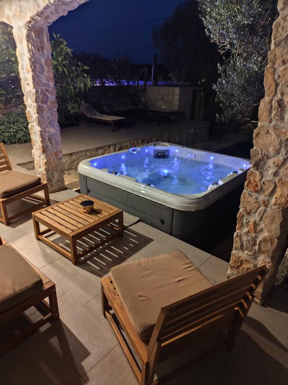 Čudovit, naraven in miren kraj. Hiša z jacuzzijem za najem na Drveniku Malem, približno 150 metrov od morja. Hiša je sestavljena iz dveh spalnic, dnevne sobe s kuhinjo in jedilnico ter kopalnice. Najlepši del hiše je terasa z odprtim kaminom - kamnitim žarom. Drvenik Mali je obdan z bistrimi vodami Jadranskega morja, otoka v bližini mesta Trogir in mesta Split. Povezan je z majhnim trajektom, ki v sezoni pluje štirikrat na dan. Drvenik Mali je zelo miren otok, toliko miru, edinstvene naravne lepote in izjemno čistega morja. To je popolna počitniška destinacija "daleč od mestne gneče" in je pravi izziv za vse sodobne Robinsonce. Če iščete bujno sredozemsko vegetacijo, izvirno vzdušje in pristno otoško vzdušje, je Drvenik Mali prava izbira za vas.
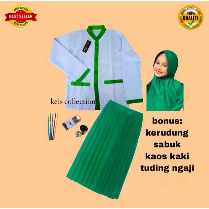 Setelan Seragam SD/MI List Hijau Anak Perempuan | Seragam Madrasah Kelas 1-6 Bonus Aksesoris Lengkap
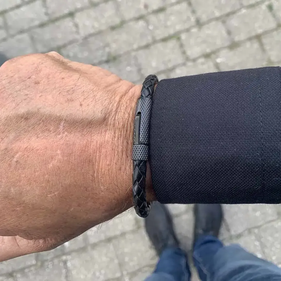 Lækker klassisk herrearmbånd i sort læder til mænd.
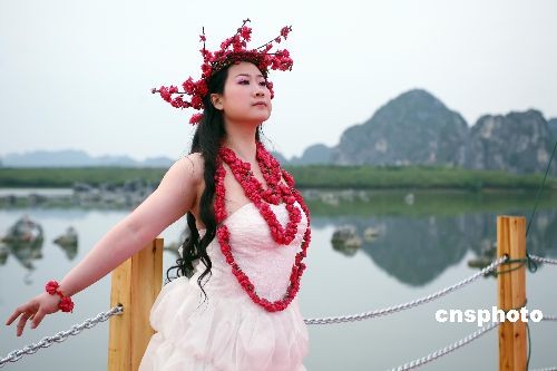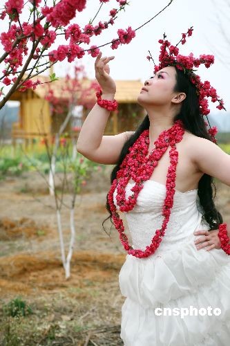 2009年2月,南寧花花大世界首屆桃花節邀請芙蓉姐姐參加演出,芙蓉姐姐化身“桃花仙子”拍攝唯美寫真。中新社發 駱文剛 攝
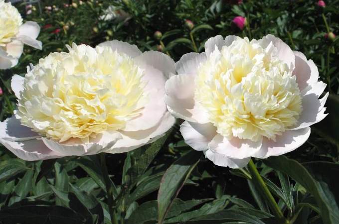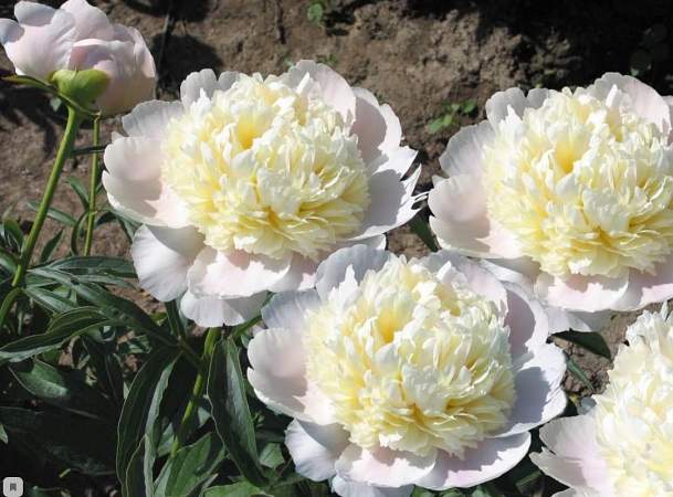 Пион Charles White (Чарльз Вайт). Махровый шаровидный. Цветок изящный, огромный (22 см), с закручивающимися лепестками, белый с оттенками жёлтого и розового (в начале цветения). Листья крупные, рассеченные, блестящие. Ранний.
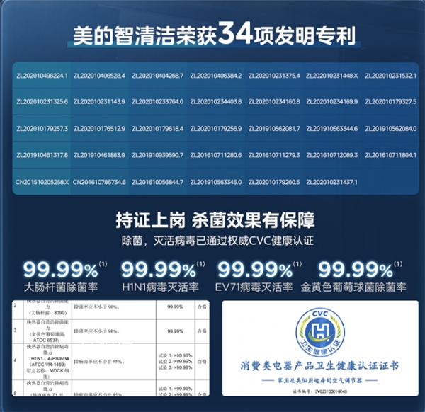 更有34项发明专利支持下的美的智清洁,层层工序高温除菌,除菌、灭活病毒效果经过权威CVC健康认证,健康有保障,全家更安心。
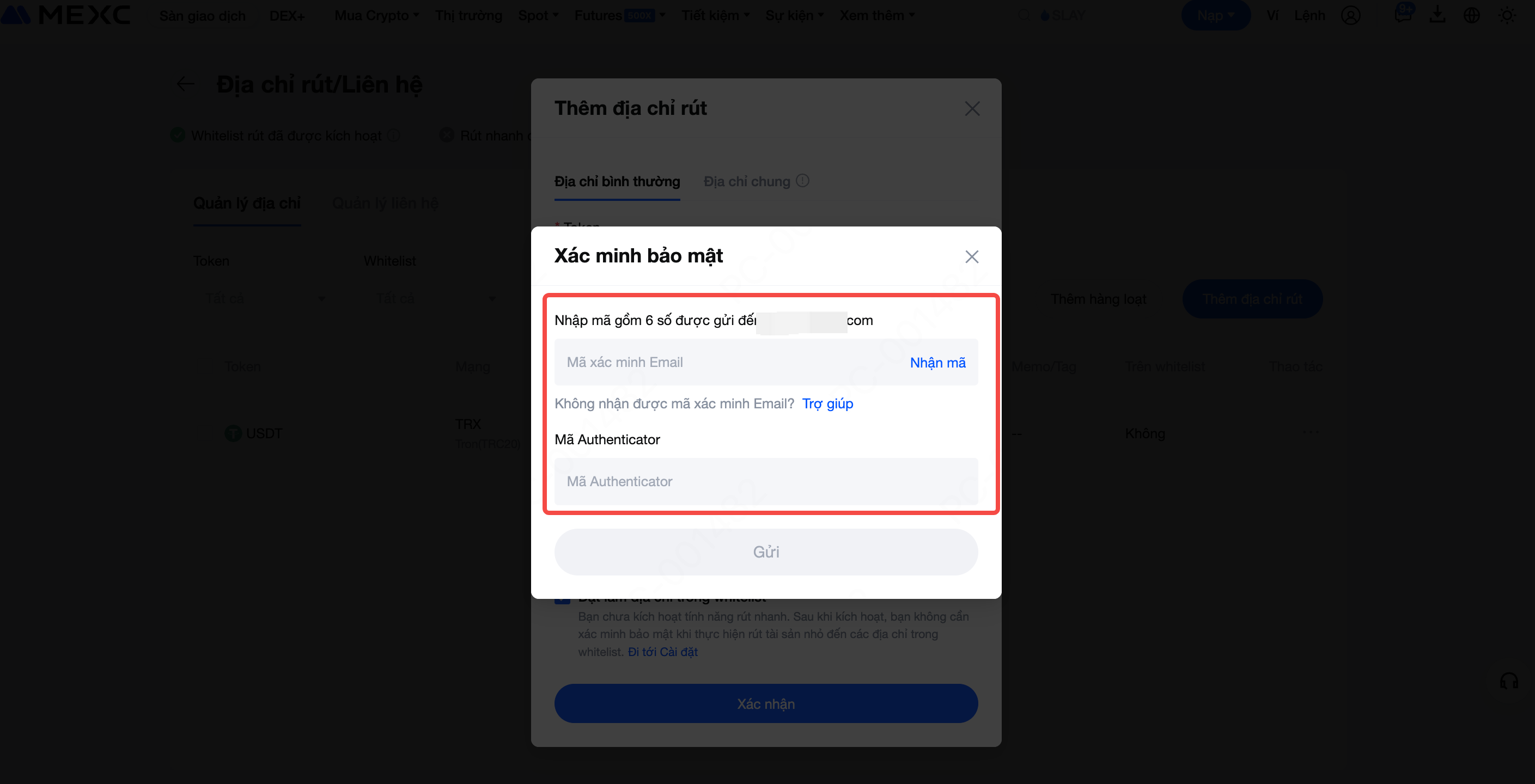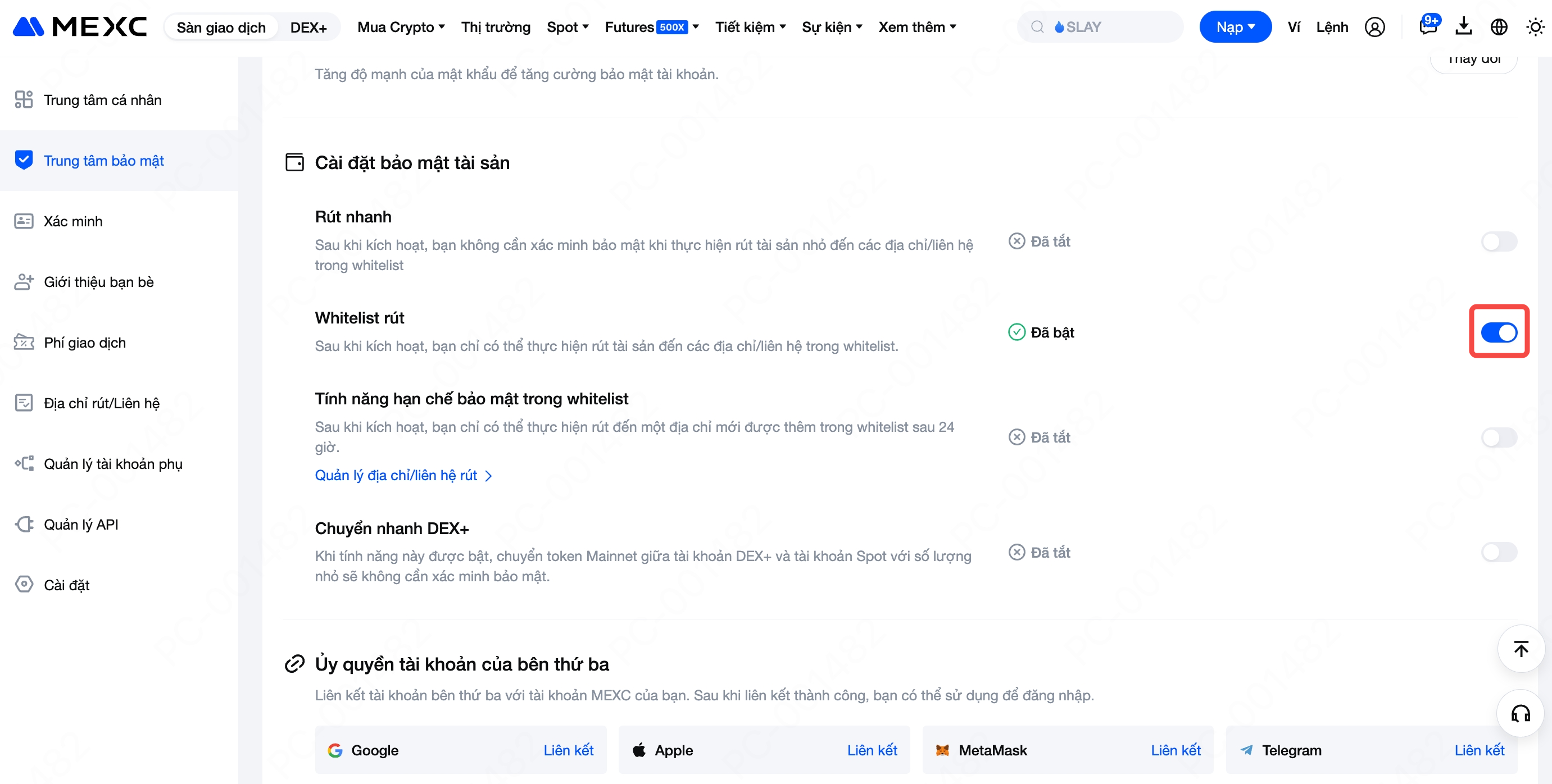 Nhấn vào nút gạt ở bên phải của Whitelist rút và hoàn thành xác minh bảo mật để bật tính năng này.
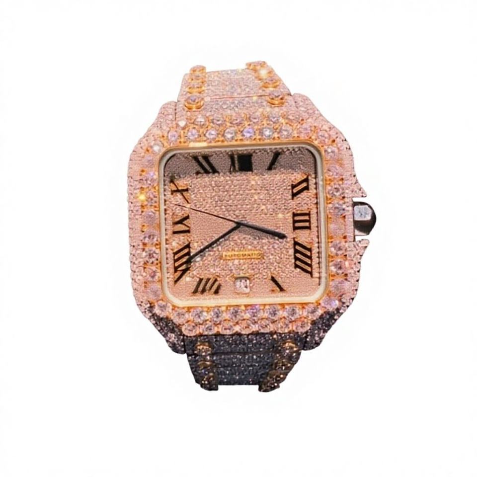 High Quality Automatic Square Stainless Steel Glass Dial Analog Diamond Moissanite Iced Watch Bracelet Clasp 10 Bar Water
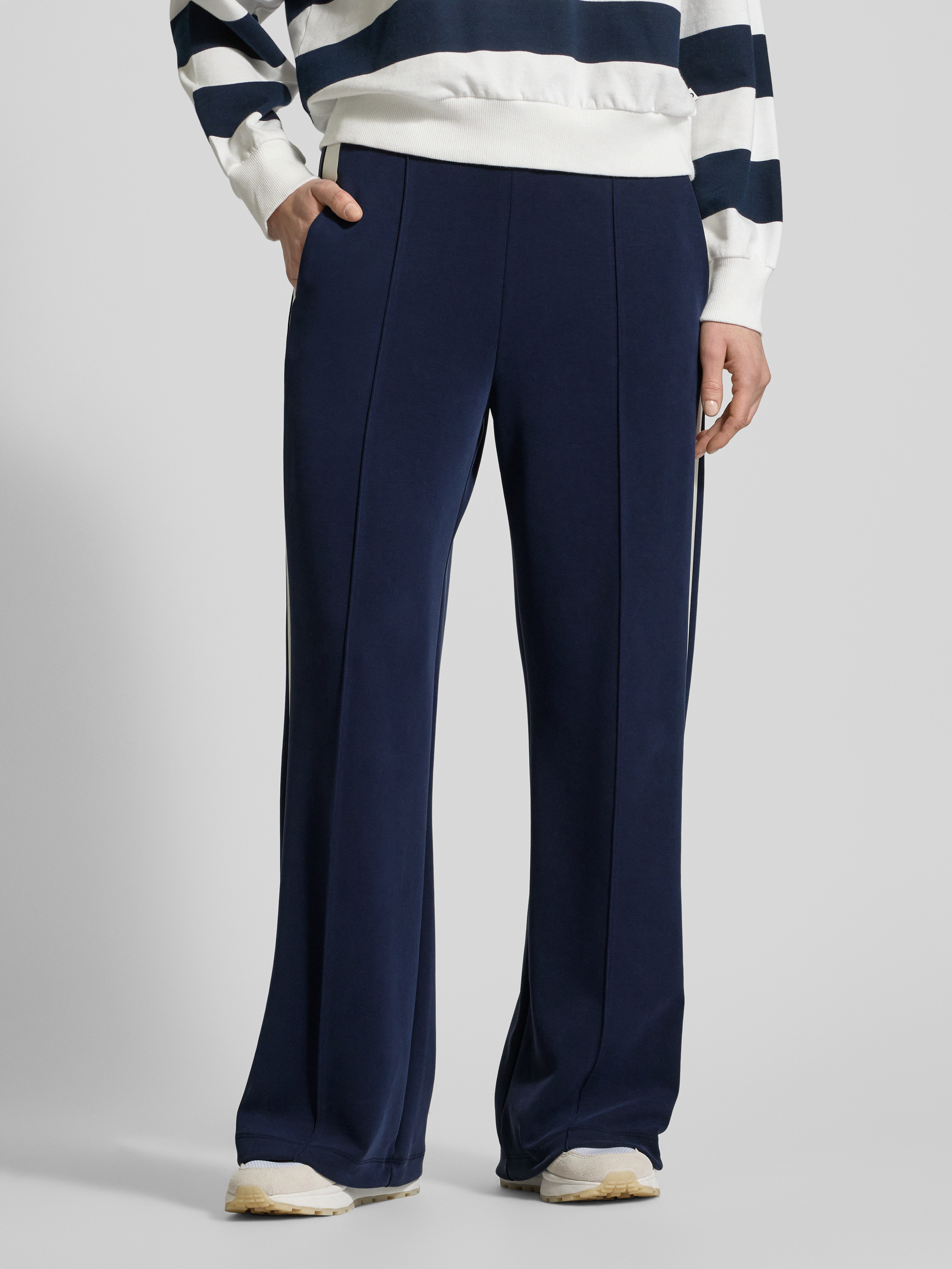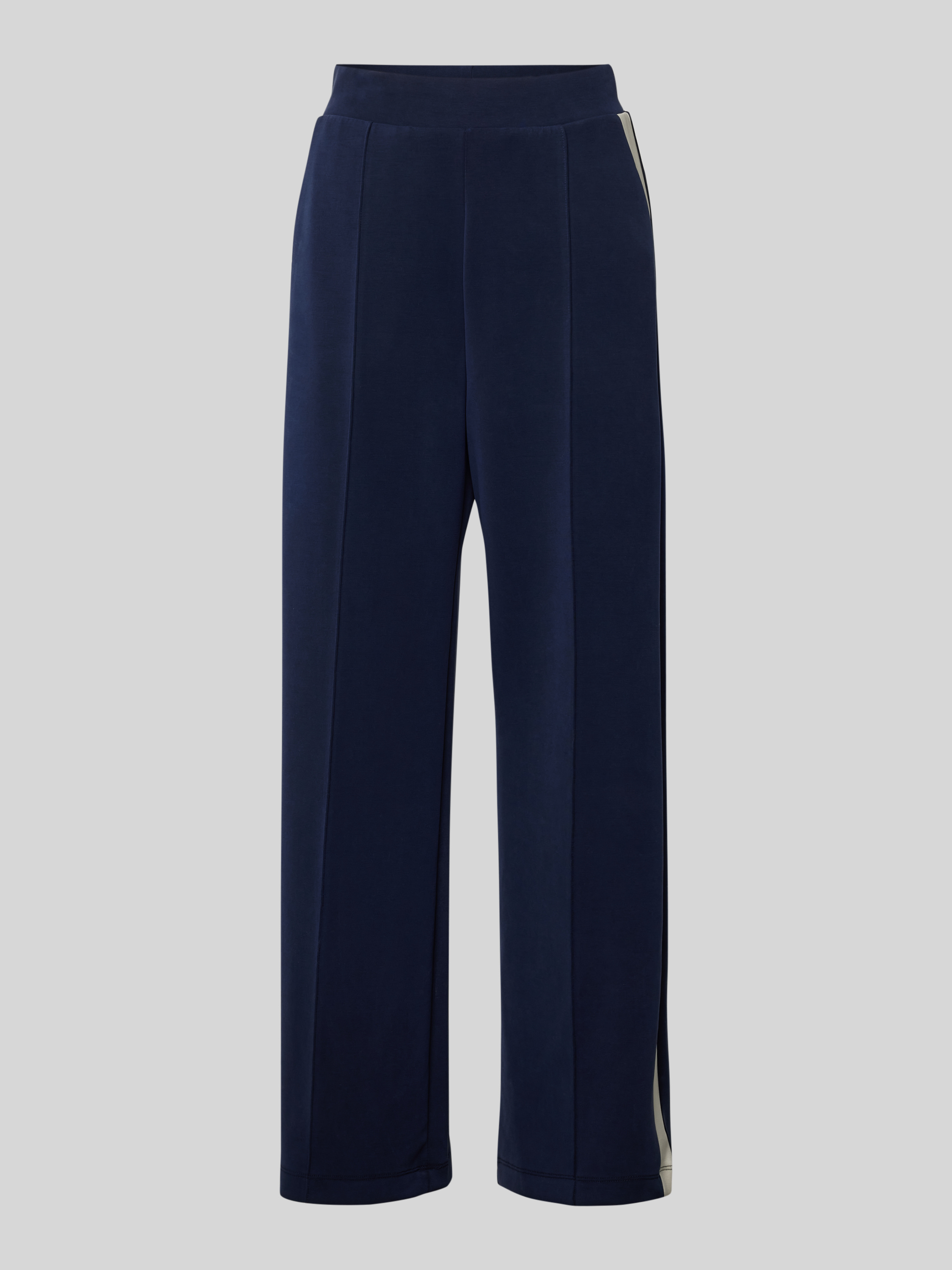 Spodnie materiałowe z prostą nogawką i lampasami - granatowy
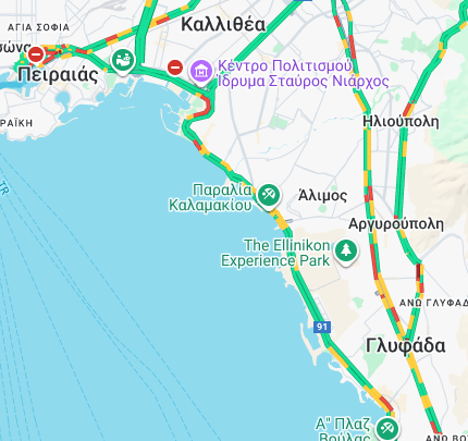 Σύμφωνα με την Τροχαία, η κίνηση διεξάγεται με δυσκολία στο ύψος του πρώτου τούνελ στο ρεύμα προς Γλυφάδα.
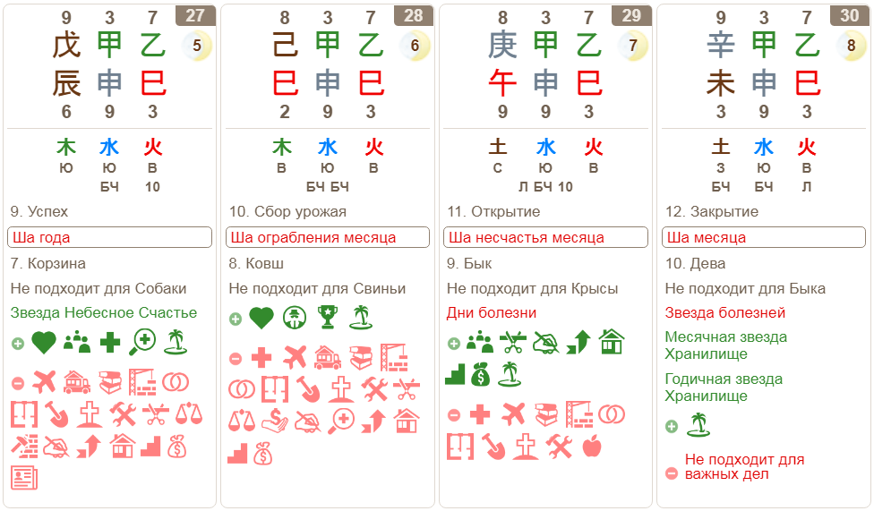 Сегодня можно зайти на любой калькулятор, ткнуть курсором мышки в нужный день, посмотреть на иконки и выбрать благоприятный день для своей задачи (активности).

+ + + + + + +

Your answer must be the lines from the one containing "Σύμφωνα με την" through the last line of the listing above, restated word for word, with no pictures.

_Written response:_
 Σύμφωνα με την Τροχαία, η κίνηση διεξάγεται με δυσκολία στο ύψος του πρώτου τούνελ στο ρεύμα προς Γλυφάδα.
 Сегодня можно зайти на любой калькулятор, ткнуть курсором мышки в нужный день, посмотреть на иконки и выбрать благоприятный день для своей задачи (активности).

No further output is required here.